### Available data

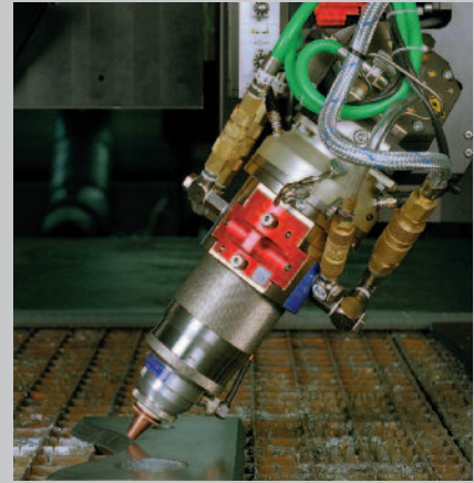
Kontinuierliche Fasenverstellung bis 50° Continuous Beveling up to 50°
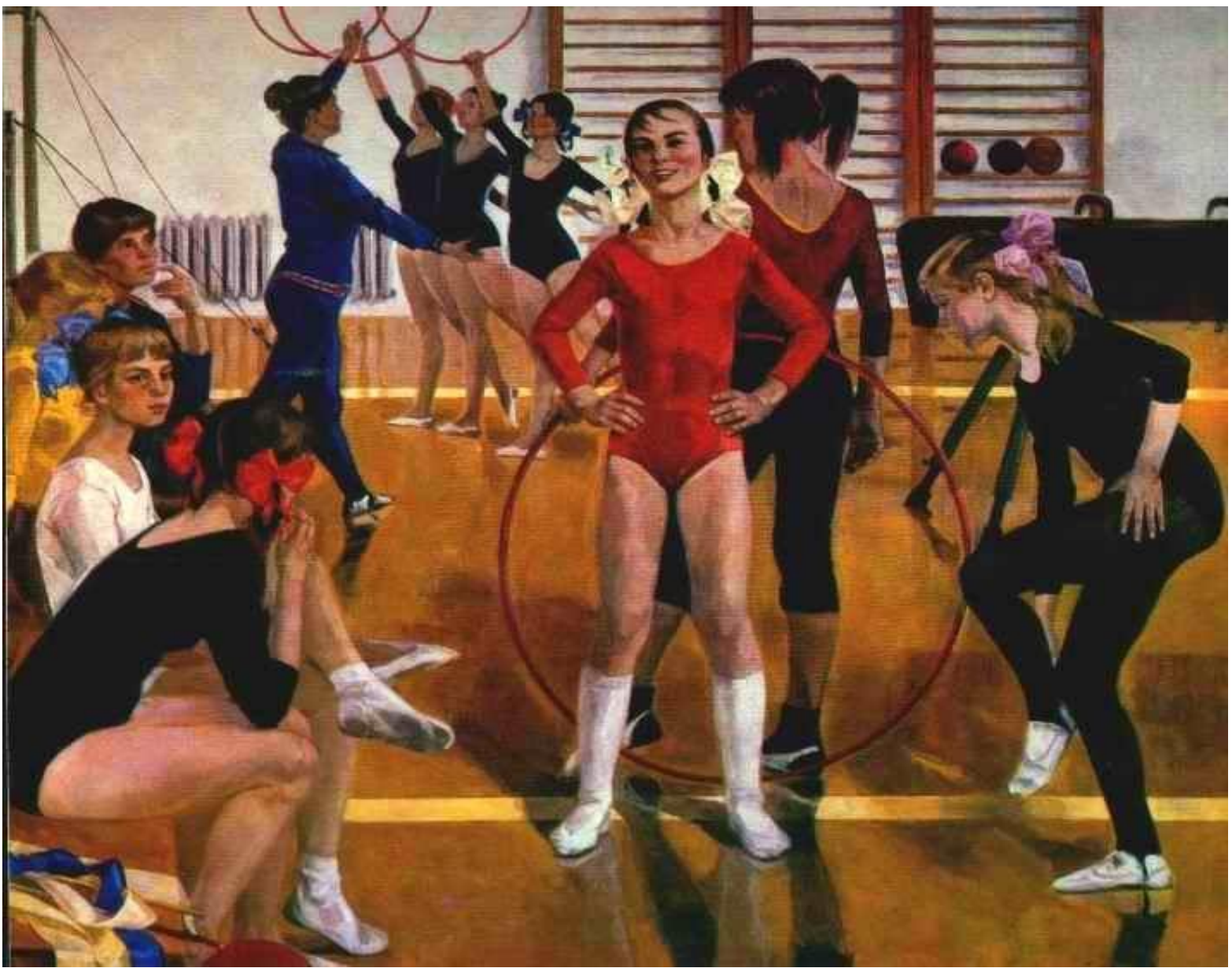
«Детская спортивная школа» (1979)
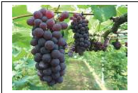
デラウエア(ぶどう)
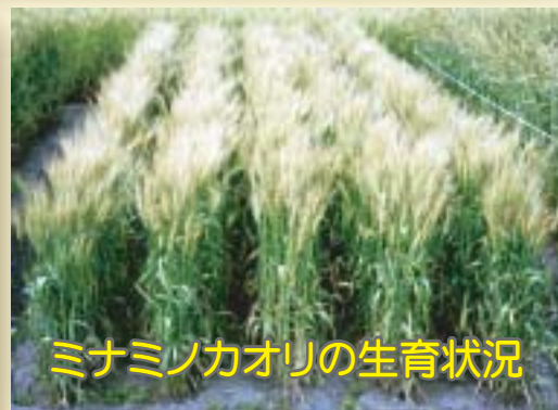
ミナミノカオリの生育状況
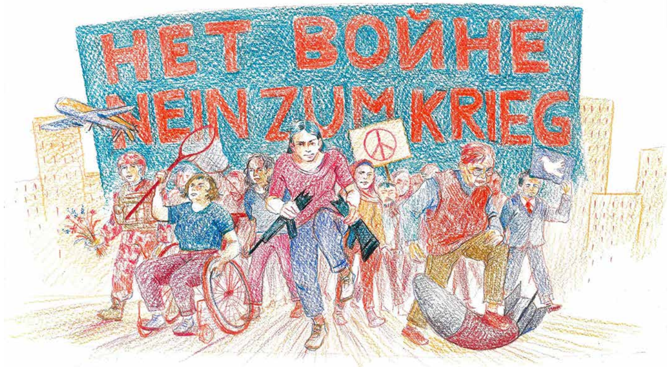
#derappell HET BOЙHE - Nein zum Krieg! www.derappell.de (vom 22.3.2022)

menpaket, das die größte Aufrüstung Deutschlands seit Ende des Zweiten Weltkriegs vorsieht. Eine massive Hochrüstung der Bundeswehr hilft den Menschen in der Ukraine nicht. Die neu anzuschaffenden Waffen werden die Ukrainer:innen in ihrem Kampf und Recht auf Selbstverteidigung nicht unterstützen. Schon jetzt übersteigen die »Verteidigungsausgaben« aller 30 NATO-Staaten die russischen um fast das Zwanzigfache. Die Anschaffung von konventionellen Waffen wie Kampfflugzeugen und bewaffnungsfähigen Drohnen als Abschreckung unter atomaren Militärblöcken ist sinnlos.
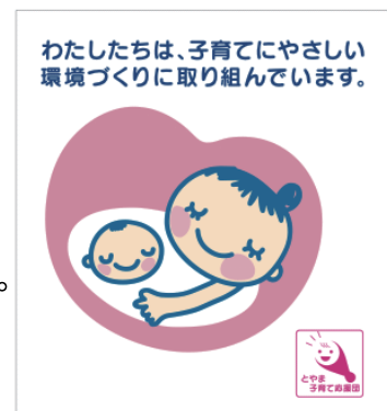
お出かけサポートステッカー

登録された店舗等へは、シンボルマークの入った店頭表示用ステッカー（⇒）を交付いたします。
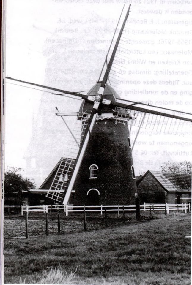
De Aurora in Dichteren, ook wel de molen van Harbers genoemd, vroeger. Toen stond de molen nog in het open veld, nu is zij voor een belangrijk deel ingebouwd. (Foto Staring Instituut).

Op het industrieterrein Grutbroek zijn twee straatnamen, die onze herinnering aan de vroegere zaagmolen levend houden, namelijk Houtmolenstraat en Zaagmolenpad. Deze molen bevond zich tussen de IJsselstraat en de Nemaho, nabij de Oude IJssel. Vroeger gingen veel Doetinchemmers zwemmen en roeien in de Oude IJssel bij Smeitink; ca. 150 meter verderop stond een groepje woningen bijeen, waarvan de bewoners een hechte gemeenschap vormden. Deze gemeenschap werd in de
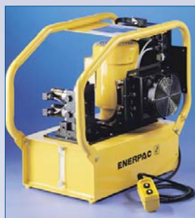
D Pompe hydraulique électrique
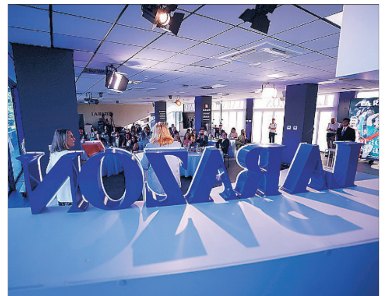
Vista general del salón de actos de LA RAZÓN, durante la gala
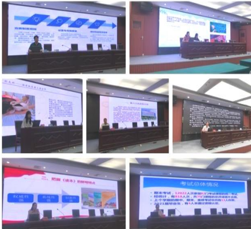
图 5：暑期临床实践情况汇报
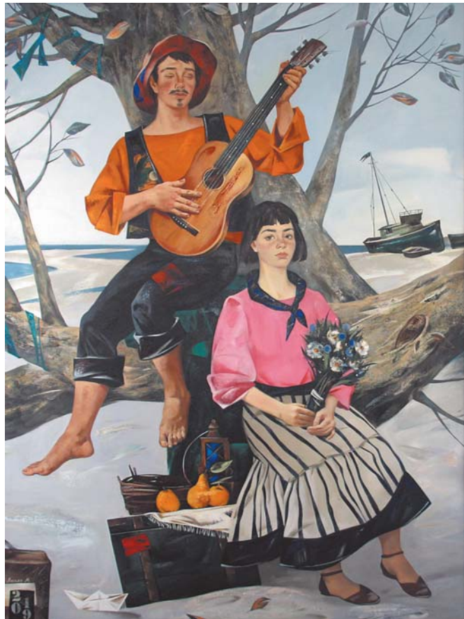
"Под музыку моря".

И. ДУБОВЦЕВА, куратор выставки Иллюстрации предоставлены автором
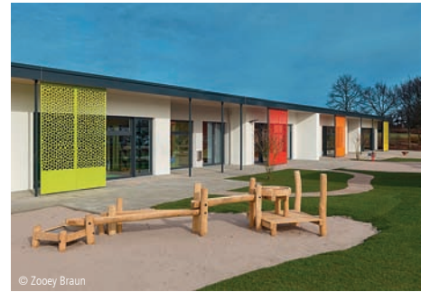
4400-0316 Kindertagesstätte (5 Gruppen) - Effizienzhaus ~67% Seite 294
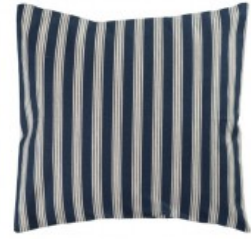
Cojín crudo rayas azules
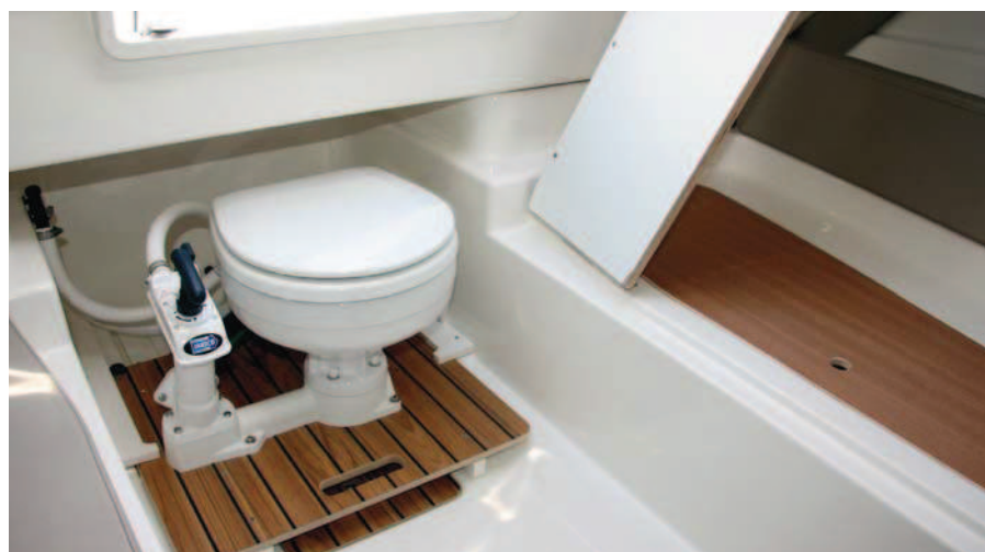
La cabina incluye un inodoro montado sobre carriles.
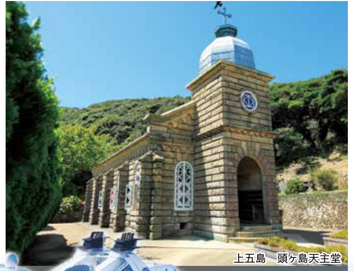
上五島 頭ヶ島天主堂

### What is required
All of the entries above need to be transcribed exactly, except for the pictures.

### Solution below
Kontinuierliche Fasenverstellung bis 50° Continuous Beveling up to 50°
«Детская спортивная школа» (1979)
デラウエア(ぶどう)
ミナミノカオリの生育状況
#derappell HET BOЙHE - Nein zum Krieg! www.derappell.de (vom 22.3.2022)

menpaket, das die größte Aufrüstung Deutschlands seit Ende des Zweiten Weltkriegs vorsieht. Eine massive Hochrüstung der Bundeswehr hilft den Menschen in der Ukraine nicht. Die neu anzuschaffenden Waffen werden die Ukrainer:innen in ihrem Kampf und Recht auf Selbstverteidigung nicht unterstützen. Schon jetzt übersteigen die »Verteidigungsausgaben« aller 30 NATO-Staaten die russischen um fast das Zwanzigfache. Die Anschaffung von konventionellen Waffen wie Kampfflugzeugen und bewaffnungsfähigen Drohnen als Abschreckung unter atomaren Militärblöcken ist sinnlos.
お出かけサポートステッカー

登録された店舗等へは、シンボルマークの入った店頭表示用ステッカー（⇒）を交付いたします。
De Aurora in Dichteren, ook wel de molen van Harbers genoemd, vroeger. Toen stond de molen nog in het open veld, nu is zij voor een belangrijk deel ingebouwd. (Foto Staring Instituut).

Op het industrieterrein Grutbroek zijn twee straatnamen, die onze herinnering aan de vroegere zaagmolen levend houden, namelijk Houtmolenstraat en Zaagmolenpad. Deze molen bevond zich tussen de IJsselstraat en de Nemaho, nabij de Oude IJssel. Vroeger gingen veel Doetinchemmers zwemmen en roeien in de Oude IJssel bij Smeitink; ca. 150 meter verderop stond een groepje woningen bijeen, waarvan de bewoners een hechte gemeenschap vormden. Deze gemeenschap werd in de
D Pompe hydraulique électrique
Vista general del salón de actos de LA RAZÓN, durante la gala
图 5：暑期临床实践情况汇报
"Под музыку моря".

И. ДУБОВЦЕВА, куратор выставки Иллюстрации предоставлены автором
4400-0316 Kindertagesstätte (5 Gruppen) - Effizienzhaus ~67% Seite 294
Cojín crudo rayas azules
La cabina incluye un inodoro montado sobre carriles.
上五島 頭ヶ島天主堂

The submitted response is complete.